Three media were used along astrocyte induction: expansion medium, FGF medium, and maturation medium. These media were prepared as follows: (1) expansion medium comprised DMEM/F12 (Thermo Fisher Scientific, 10565018), 10% FBS (Thermo Fisher Scientific, 10091148), 1% N2 (Thermo Fisher Scientific, 17502048), and 1% P/S (Thermo Fisher Scientific, 15140122); (2) FGF medium comprised Neurobasal (Thermo Fisher Scientific, 21103049), 1% FBS, 2% B27 (Thermo Fisher Scientific, 17504044), 1% NEAA (Thermo Fisher Scientific, 11140050), 1% Glutamax (Thermo Fisher Scientific, 35050061), 8 ng/mL bFGF (Peprotech, 100-18B), 5 ng/mL CNTF (Peprotech, 450-13), 10 ng/mL BMP4 (Peprotech, 120-05ET), and 1% P/S; (3) maturation medium comprised DMEM/F12 and Neurobasal (1:1 v/v), 1% N2, 1% Glutamax, 1% sodium pyruvate (Thermo Fisher Scientific, 11360070), 10 ng/mL CNTF, 10 ng/mL BMP4, 5 ng/mL heparin-binding EGF-like growth factor (hbEGF) (Peprotech, 100-47), 5 μg/mL N-acetyl-cysteine (Sigma-Aldrich, A8199), 500 μg/mL dbcAMP (Sigma-Aldrich, D0627), and 1% P/S.

Immunostaining of iPSC-derived astrocytes

On Day 21, the cells were dissociated with Accutase and re-plated on poly-d-lysine (Sigma-Aldrich, P0899) and Matrigel-coated 12-mm-diameter glass coverslips (SPL Life Sciences, 20012).
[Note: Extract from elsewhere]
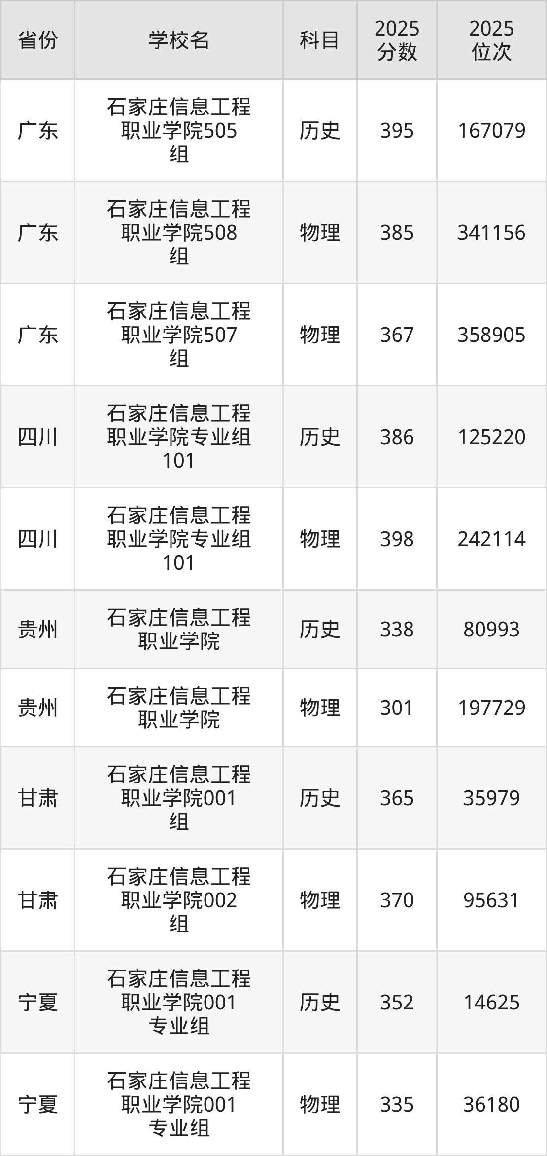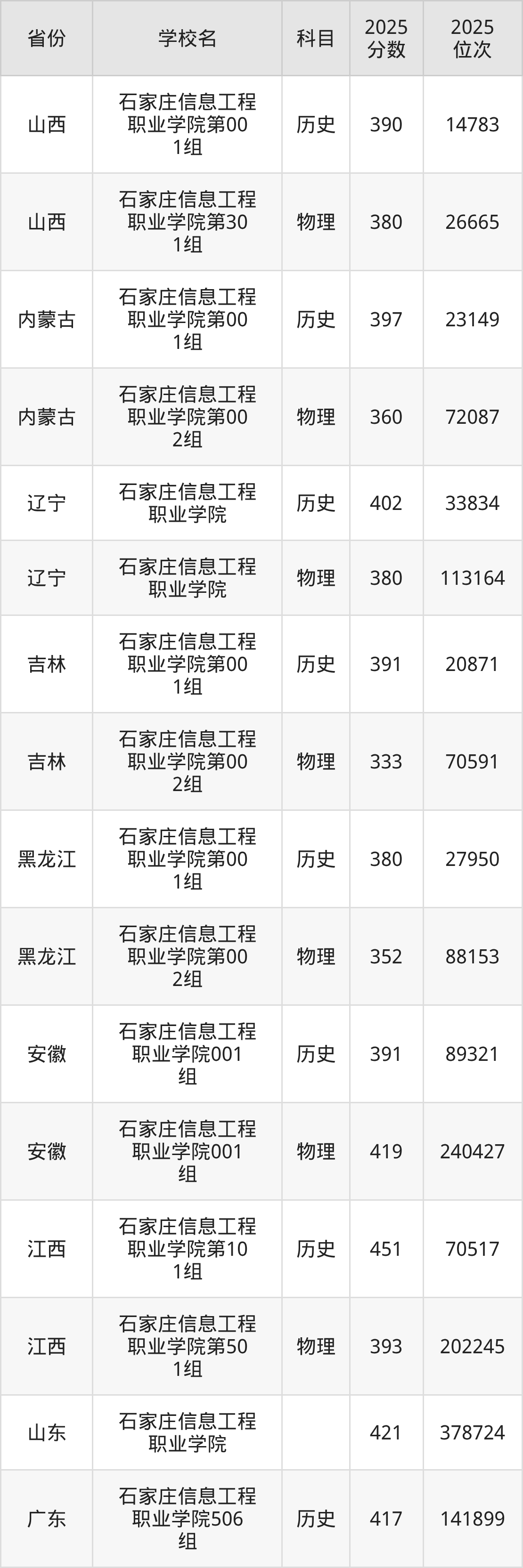 下面是石家庄信息工程职业学院2025年录取分数线各省汇总,一起来了解下吧。

The cells were washed once with DPBS and fixed in 4% paraformaldehyde (Sigma-Aldrich, 158127) for 15 min at room temperature. After washing in DPBS, the cells were permeabilized for 10 min with 0.1% Triton X-100 (Sigma-Aldrich, 93443) diluted in DPBS. The cells were blocked in 5% goat serum (Gibco, 16210064) diluted with 0.1% PBST for 30 min at room temperature. The cells were subsequently immunostained with primary rabbit anti-S100B antibody (Abcam, ab52642) overnight at 4 °C. The cells were then washed 3 times with 0.1% PBST for 20 min each time and treated with goat anti-rabbit AF568 secondary antibody (Life Technologies, A11011) for 1 h at room temperature. The nuclei were simultaneously counterstained with DAPI (Sigma-Aldrich, D9542). The cells were then washed 3 times with 0.1% PBST for 20 min each time. The coverslips were mounted on slides with ProLong Diamond Antifade Mountant (Thermo Fisher Scientific, P36961) and stored at 4 °C before imaging. Images were taken using an LSM900 confocal microscope (Zeiss) and processed with ZEN software (version 3.91.0).
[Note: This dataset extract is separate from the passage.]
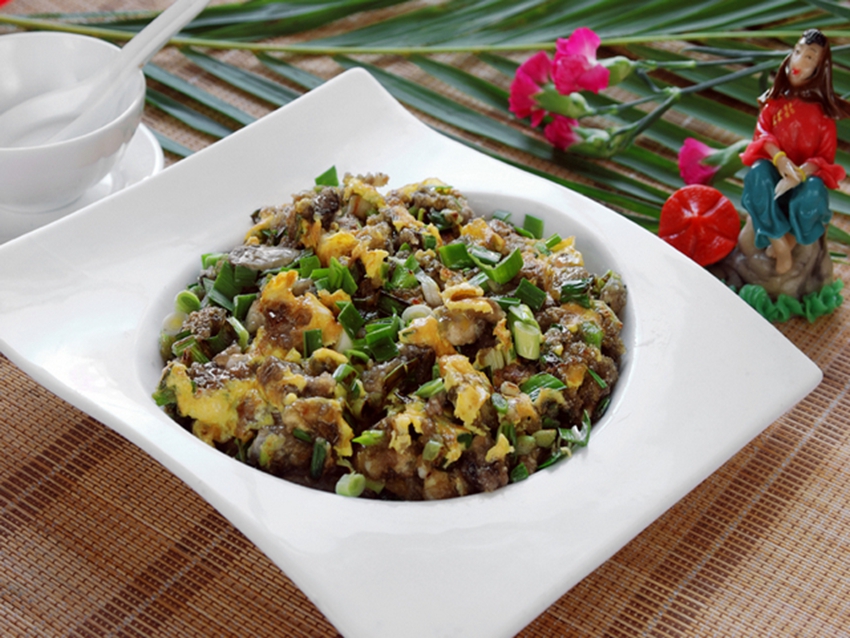 海味中最最有名的当数海蛎煎,特别是落雨天、寒冻天,买一点刚从海里撬来的海蛎,拌精选的地道惠安番薯粉,撒入切成段的葱、蒜、姜丝等,用猛火将铁锅烧热,放入猪油或花生油,烧到七八分热,将打好的鸡蛋浆倒入热锅,火生煎几分钟,再将拌得稀稠适中的地瓜粉、海蛎及配料等倒入锅中,将二者融合,调小火量,掌握火候,并随时根据锅中海蛎、地瓜粉生熟情况,翻煎一番,待海蛎煎及鸡蛋开始变得金黄,边缘焦脆、蛎香四溢的时候,就可以出锅上盘。随置一小碟甜辣酱,撒上一些洗切好的绿叶芹菜或芫荽。一道味道鲜美、营养丰富的海蛎煎,就算大功告成了。888集团人吃海蛎,除了海蛎煎,还能做出海蛎羹、海蛎浮粿、海蛎饼、海蛎粥等花样奇多、风味各异的不同吃法来。会吃的888集团食货,目光随海脚阿姨那细软的腰肢招摇,从她们卸担的海蛎房上,从她们当场灵巧地撬剥新鲜海蛎那小巧的双手间 ,似乎就能闻出海蛎煎那鲜香四溢的好味来。传统海蛎煎的来历,据说始于郑成功收复台湾期间,当时的荷兰殖民者坚城拒守,藏匿附近粮食,郑家军就地取材,取台南赤嵌海边的海蛎,拌以大陆带去的地瓜粉及山泉水,煎成金黄喷香的蚵仔煎,既解决了部队口粮,又推制出一道海峡两岸一致喜好的美食。

Collection of cells for single-cell RNA sequencing

To establish the astrocyte differentiation path, Monoclonal iPSC1 cells were subjected to time-course profiling. Cells were collected on different differentiation days (i.e., Day 0, 1, 3, 8, 14, or 21) for scRNA-seq. The parental iPSC1 line and iPSC2 line were used to evaluate the consistency of astrocyte generation. Day-21 cells derived from these lines were collected for scRNA-seq. On the collection day, the cultured cells were prewashed with DPBS and dissociated with 200 µL Accutase in a 6-well plate for 10 min at 37 °C. The progression of cell detachment was constantly monitored under a microscope. Cell suspensions were collected and centrifuged for 5 min at 300 × g to remove as much Accutase as possible without disturbing the cell pellet. The cells were resuspended in DPBS with 0.04% filtered BSA and 60 U/mL RNasin Plus Ribonuclease Inhibitor (Promega, N2615). After quantification by a Countess Automated Cell Counter (Invitrogen, C10281), cell suspensions were diluted to 700–1,200 cells per microliter on ice for subsequent scRNA-seq library preparation.

Library preparation and single-cell RNA sequencing

The scRNA-seq workflow is summarized in Fig. 1b. A Chromium Next GEM Single Cell 3′ Reagent Kit v3.1 and Gel Beads Kit (10x Genomics) were used according to the manufacturer’s instructions. Briefly, single-cell suspensions, gel beads, and partitioning oil were added to the 10x Genomic Chromium Chip (Next GEM chip G) and subjected to the 10x Chromium Controller device, which encapsulated single cells within individual gel beads-in-emulsion (GEMs). The targeted number of cells in each sample was 10,000. Captured cells were lysed, and the transcripts inside the individual GEMs were barcoded through reverse transcription. Constructed 10x libraries were quantified by a Qubit 4 Fluorometer (Invitrogen) with a Qubit 1x dsDNA HS Assay Kit (Invitrogen). Quality control for the 10x libraries was performed using a Fragment Analyzer 5200 (Agilent) with a DNF-474 HS NGS Fragment Kit (Agilent). Library sequencing was performed on an Illumina NovaSeq. 6000 Sequencing platform (Novogene), with a paired-end read length of 150 bp and 100 GB raw data per sample.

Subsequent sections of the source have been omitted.